FDA officials point to increased drug approvals
Federal drug officials Thursday claimed credit for an increase in the approval of new drugs and argued that the results demonstrated the need for legislation to continue financing the current drug approval system.
The Food and Drug Administration approved 35 new drugs in the year that ended in September, a number that was surpassed only once in the past decade.
The agency approved 24 of the drugs before they were approved in any other country. And many of them were important advances, including the first new drug for lupus in 50 years, the first new drug for Hodgkin lymphoma in 30 years, and the first drugs for late-stage melanoma that have been shown to prolong survival.
“I want to underscore that we approved a set of drugs that are truly medically important, and in fact did so in a way that made these drugs available to Americans before other places around the world,” Dr. Margaret Hamburg, commissioner of the FDA, said at a news conference.

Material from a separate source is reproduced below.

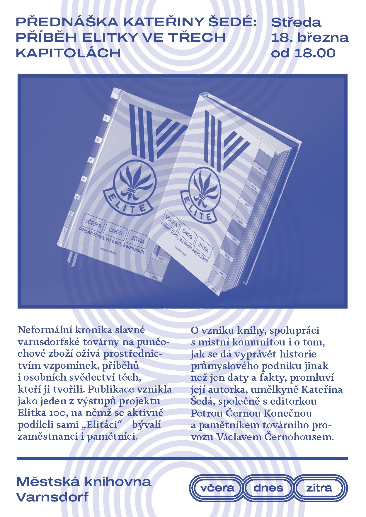 Městská knihovna Varnsdorf zve na přednášku Kateřiny Šedé s názvem Příběh Elitky ve třech kapitolách, která představuje neformální kroniku slavné místní továrny na punčochové zboží. Autorka společně s hosty přiblíží vznik publikace oživené vzpomínkami a osobními svědectvími bývalých zaměstnanců, která nabízí netradiční pohled na historii tohoto průmyslového podniku.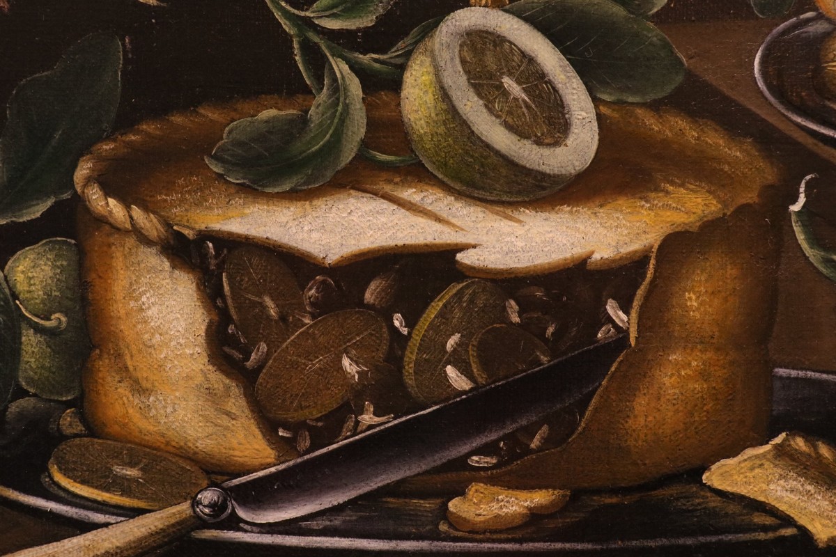 Chaque élément est rendu avec un réalisme extraordinaire : la texture friable de la croûte du gâteau, l’éclat du métal, la surface lisse et cireuse des citrons et des pommes, la porosité du grand morceau de fromage affiné et les coques entrelacées des noix éparpillées sur la table.

The increase in drug approvals is good news for the pharmaceutical and biotechnology industries, which have failed to produce many new drugs in recent years. New drug approvals peaked in the mid-1990s and have generally declined since then despite increases in research spending. Major drugmakers have steadily cut their research spending since 2008 because of poor productivity, although increased spending by the biotechnology industry has generally made up for this shortfall.
For years, FDA officials said little about the declining number of new drug approvals. When some industry analysts blamed government rules for the slowdown, agency officials instead blamed a decline in high-quality industry applications and a general drought in industry labs.
Now that approvals are increasing, however, Hamburg is claiming some credit by saying that the agency has lowered some approval standards — particularly for cancer drugs — and speeded up many of its reviews.
Asked about this apparent contradiction, Hamburg responded, “I think the point we’re trying to make is that when high quality science, good applications come before us, we are able to act swiftly and surely.”
Part of the reason for the agency’s new message is that it wants to try to defuse growing calls in Congress — supported by biotechnology and medical device industry groups — to weaken its approval processes.